10. Iterating on a title
Original (50.4%): Gmail API Pull out plain text email body
11. Iterating on a title
Original (50.4%): Gmail API Pull out plain text email body
Suggested (63.9%): How can I extract plain text from an email sent to
me from a specific source, without forwarding the email to myself?
12. Iterating on a title
Original (50.4%): Gmail API Pull out plain text email body
Suggested (63.9%): How can I extract plain text from an email sent to
me from a specific source, without forwarding the email to myself?
Edited (74.0%): How can I extract plain text from an email sent to me?
Hi, I’m Tennesse Joyce, and I built a Chrome extension called TitleWave that will improve the titles your Stack Overflow questions.
Stack Overflow is ubiquitous in the programming world as a place where people can ask questions to a community other programmers. In 2019, over 5,000 questions a day were asked, but only 70% of those were answered. To increase your chance of getting an answer it’s really important to have a compelling title so that people actually click on your question. But this can be tough, especially for new users who aren’t familiar with the conventions on the website.
To solve this problem, I built TitleWave, a Chrome extension that integrates directly into the Stack Overflow website and helps improve your title. Let’s see how it works.
So this is the webpage on Stack Overflow where you can submit a new question, and I’ve just copied one that someone asked last week as an example. My Chrome extensions adds the two buttons right here. When I press ‘Evaluate title’, it tells me the probability that my question will get answered, just by looking at the title. And when I press Suggest a Title, it reads through the text down here, and summarizes it into what it thinks the title should be. That takes about a minute on my laptop, so I’m just going to paste in the output. When I press Evaluate Title again, we see that the suggested title has about a 14% higher chance of getting answered.
So how does this work on the backend?
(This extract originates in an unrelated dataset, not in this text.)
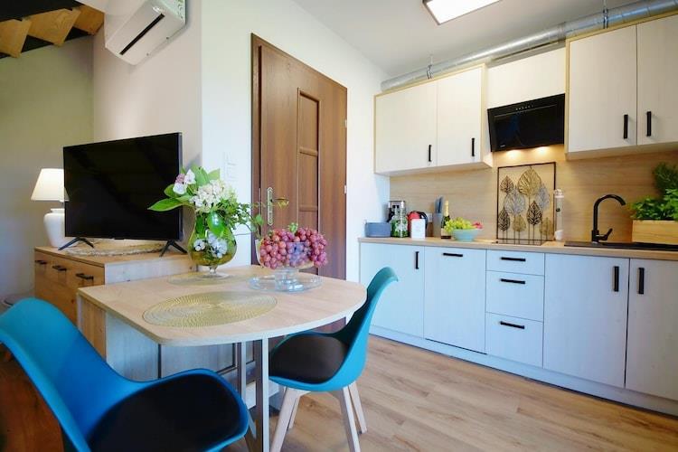 I udkanten af en charmerende kystby er der et familieferiested, der tilbyder overnatning i rækkehuse i flere etager og masser af grønne områder, hvor børn kan spille forskellige spil og aktiviteter. To-etagers feriehuse med terrasser og et sæt havemøbler og grillfaciliteter. I stueetagen er der en komfortabel stue med sovesofa, tv og bord med stole. Stuen er forbundet med et veludstyret køkken. Der er også et badeværelse med bruser i stueetagen. Der er 2 separate soveværelser ovenpå. Der er aircondition med køle- og varmefunktioner. Trådløst internet er tilgængeligt. På centrets indhegnede grund er der en attraktiv legeplads og sikker parkeringsplads (mod gebyr). Prisen for opholdet inkluderer: sengelinned, håndklæder, vandforbrug, aircondition, slutrengøring, internet. Seværdigheder i området: Den smukke strand ved havet kan hurtigt nås til fods eller på cykel (kun 850 m). Mielenko er en lille bygd i udkanten af Mielno, en populær badeby. Der er mange rekreative faciliteter, restauranter og caféer. I nærheden af centrum er der den internationale cykelrute R-10, som giver dig mulighed for nemt og bekvemt at komme på cykel til andre nærliggende kystbyer: Mielno (et større feriested med mange attraktioner, restauranter, større butikker), Chlopy (en lille, historisk fiskerby), Lazy, Sarbinowo, Gaski. 3 km fra centrum er der søen Jamno med marina og udlejning af vandudstyr (pedalbåde, kajakker, robåde). Her er også fiskepladser. Dette er måske ikke et særligt attraktivt område for svømmeentusiaster, men det er et ideelt sted til vandsport (windsurfing, kitesurfing - udlejning og skole) og til fiskeri.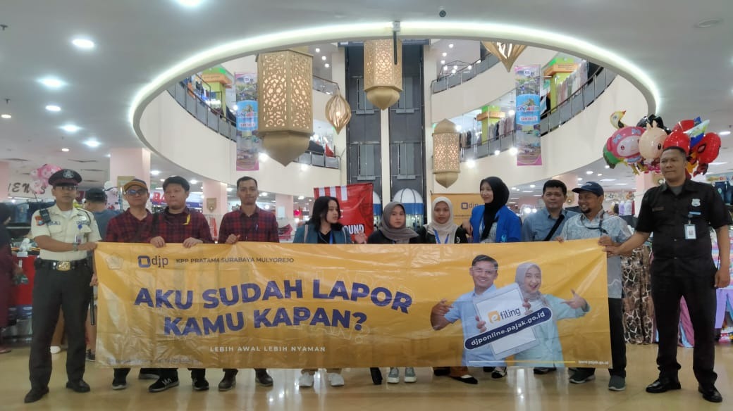 Kantor Pelayanan Pajak (KPP) Pratama Surabaya Mulyorejo mengadakan kampanye simpatik terkait pelaporan Surat Pemberitahuan (SPT) Tahunan 2024 sepanjang Bulan Februari sampai dengan 26 Februari 2025 di 10 titik persimpangan jalan dan pusat perbelanjaan grosir di wilayah Kecamatan Surabaya Utara dan Kecamatan Surabaya Timur, Kota Surabaya (Senin, 17/2).

First, I needed to collect a bunch of previous questions, which are available on the Stack Exchange Data Explorer, and you can just download that as a big XML file.
I process that into a Pandas dataframe, and then I do some data cleaning with Regex to remove HTML tags and code.
Now since this is such a huge dataset of almost 20 million questions, we can actually train a deep neural network like Google’s BERT to do feature extraction for us. This is a good choice because it doesn’t just look for keywords, it also considers phrasing of the title and how the different words fit together. I then put those features into a logistic regression to predict if each question gets answered or not, and lastly I backpropagate the error using Pytorch to fine-tune the neural network.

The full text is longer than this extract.